I decided to apply the same test to the 'mk1' (that is the name of my jt that is fashioned as mark has been describing). This is the one pictured shining the 30 led array last night.

Once I got it to work, I first wanted to know if it is sapping any more or less energy from the battery than the 'standard' little toroid joule thief which I tested last week with 20 turns of a secondary.

So, I set it up just like the test from last week. I recharged the battery to full. Then, I lit the array and checked the battery hourly for 10 hours.

The starting voltage on the battery was 1.450 V
After the first hour the voltage had dropped by .08V
(Over the course of the first 3 hours the voltage had dropped a total of 0.132V )

but after that 3rd hour the hourly reduction went to less than 0.004V per hour and by the last couple of hours the voltage reduced no more than 0.001 per hour.

This is amazing.

There is no real way to talk about the light except in general terms, but I can say that the brightness went down from 'blazing' to 'bright' during the time the battery voltage was dropping first 80mV then 45mV per hour. It seemed to stabilize and is still putting out very bright level of light even though it is draining only 0.004mV from the battery in any of the last 6 hours.

The battery after 10 hours of lighting the array of 30 leds has a voltage of 1.291Vdc

To compare it properly the voltage used in the last 9 hours was 0.08V. (dis-counting the first hour)

Many things about this mk1 are different from the little toroid joule thief, and the results show this to be a more effective capturer of excess- or something - energy.

Specifically,
The toroid is at least 2x as big in diameter.

The jt part is in 2 separate parts.

There are 52 turns in the secondary with a 19 gauge wire not a 30 gauge wire.

The material of the toroid is a different make up.

I want to compare this more difficult way with the little one.

Since the little one is too little to fit 52 turns of 19 gauge mag wire through its center, I will quickly make a jt like the little one and use first 20 turns on this bigger toroid made of different material, then I will add to the turns to make it 52.  I want to see.

The little jt is easier to describe to someone and if it ends up the same, this info will help.

@xee,
I am aware of the type of winding you describe. I tried it last year with a stubblefield coil and it gave different and less good results. Therefore, I will pass. esp. since mk1 has been working hard on this bizarre little toroid.

Thank you just the same.

@AbbaRue.
I don't have all  these in series. Only 10 are in series and there are 3 in each series that are parallel totalling 30.

I did check the voltage across the array.
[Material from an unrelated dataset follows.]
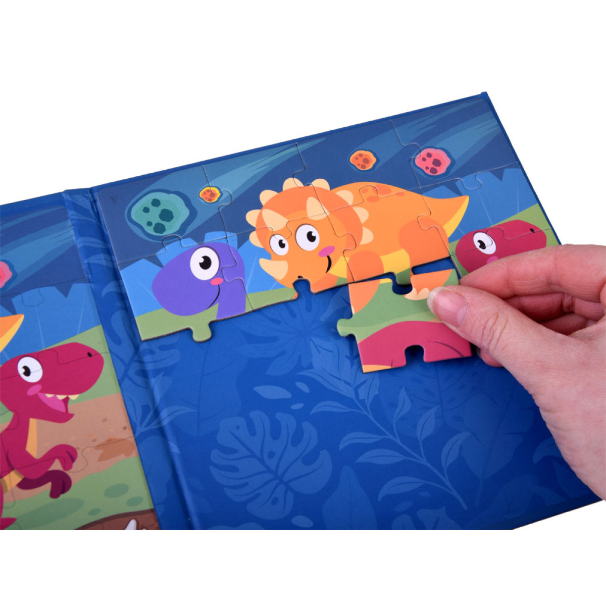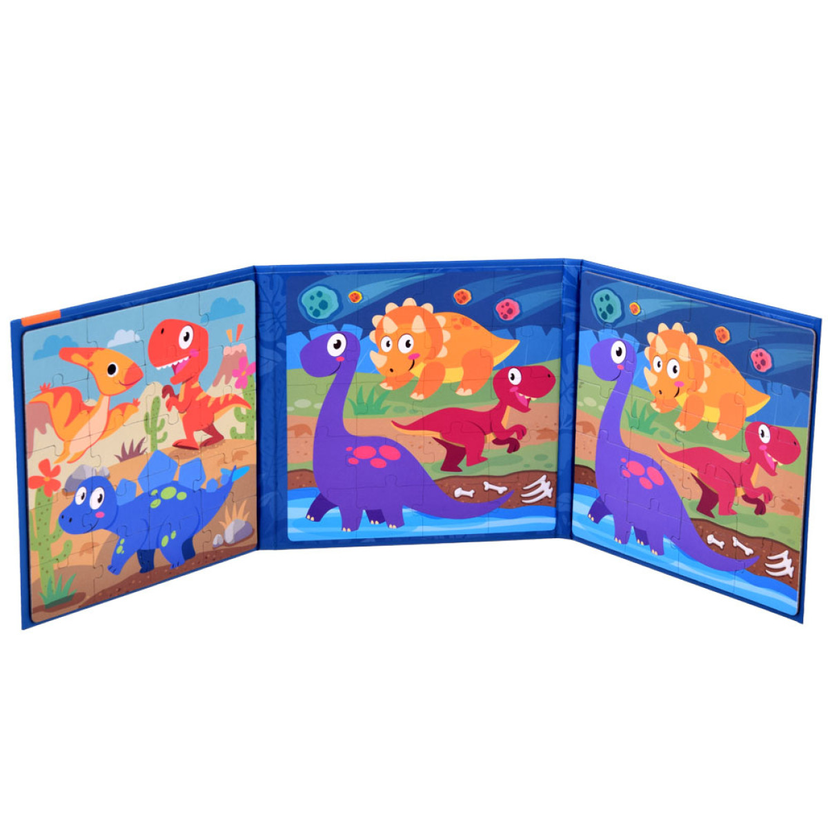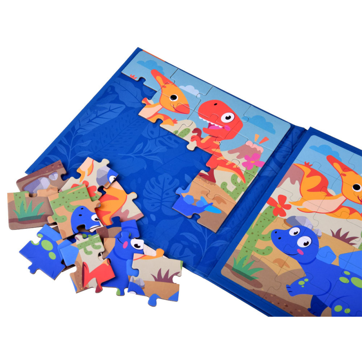 Spalvingos magnetinės dėlionės su dinozaurais, supakuotos tvirtoje knygutėje, suteiks kiekvienam vaikui daug kūrybinio malonumo. Rinkinį sudaro dvi magnetinės lentelės, vaizduojančios linksmus dinozaurus. Vaiko užduotis – sudėti ir priderinti elementus, kad būtų suformuotos lentelės su linksmu dinozaurų vaizdu.

I never go near 100 volts, but that may only be because there are only 20 turns in the secondary.

As I mentioned above, I will make another using this bigger toroid material, and put on 52 turns of 30 gauge wire Once I've done that, if it looks promising, I will change the secondary to 19 gauge wire and more turns to see if I can see 100v.

BTW, when you are checking the voltage, are you using the rectifier? or are you just looking at the ac voltage. (you probably have an oscilloscope :), don't you?)

Thank you all,

jeanna

jeanna

@Bill and Timmy and all,

I did some traveling in Europe in the 80's and 90's. In every hotel or B & B a very power saving system was used. I have wanted to implement it in my own home for a long time.

Just outside each door was a switch to the hall lights. This switch was timed. You could get to the toilet down the hall and if you were not quick enough to get back before the lights went out, there was another timed switch to push by any door so you could get back to your room.

I know that ultimately you probably want more from your capacitors, but...

You could make a light such that you could push the button and get the light to turn on for 3 or 5 or maybe 10 minutes.

There are many applications I can think of like the hallway lights in Europe, to apply the capacitor switch to.

A light at the door of the garage or shed to give you just enough time to put out the trash  ;D etc...

Also, Implementing something helps work out the bugs and make you see where improvements are needed.